It’s no big secret that the Assassin’s Creed franchise has been going downhill for the last couple of years, with complaints from fans piling up and the last really good entry almost a decade old now. However, it appears that Ubisoft has been listening to the fan’s complaints and with Origins aims to address these complaints. How well they have done this, however, is open to debate.
Origins takes place in ancient Egypt – at the time of Cleopatra, the furthest back in time the series has ever been. You take on the role of Bayek, an Egyptian who is a Medjay – an ancient Egyptian policeman of sorts. Bayek is motivated by the death of his son at the hands of nameless masked figures. Together with his wife, he aims to seek revenge and his travels will take him far from home.
Unfortunately though, the plot soon becomes an over complicated mess. Soon you stop caring about what’s going on other than who to assassinate next. It’s much more interesting to explore the open world, which the game itself encourages with a loose structure.
The three main factors of game play remain the same; stealth, melee combat, and parkour. In the past, none of these elements have been really good individually, with the stealth and combat having been dumbed down and simplified more and more over the years. The stealth isn’t very sophisticated here, although at least it doesn’t restrict your movement like before.
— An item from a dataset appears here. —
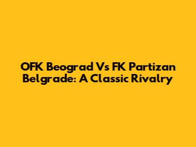 OFK Beograd Vs FK Partizan Belgrade: A Classic Rivalry

The combat system is entirely new and seems to be influenced by other titles such as Dark Souls. There is a great emphasis on blocks, parries and dodges. However the movement is much too fast and jittery and the lock-on system and camera also have real difficulty dealing with multiple enemies at once. This makes the combat as a whole feel clumsy and imprecise.
The parkour is definitely an improvement over the previous games however it still lacks the grace and flow to your leaps and bounds. It is the most improved of the three main elements though, and makes moving around easier and more enjoyable than it’s ever been.
The graphics are very impressive indeed, with landscapes being expansive and highly detailed. The human characters are less so, however that may be due to how many of them there are. Most areas are barren and empty with little or nothing to do in them though.
You can tell that the developers have been listening to complaints put forward by the fan base, however their attempts to fix these issues are either half-baked or try to replace the problems with new systems which cause more problems of their own.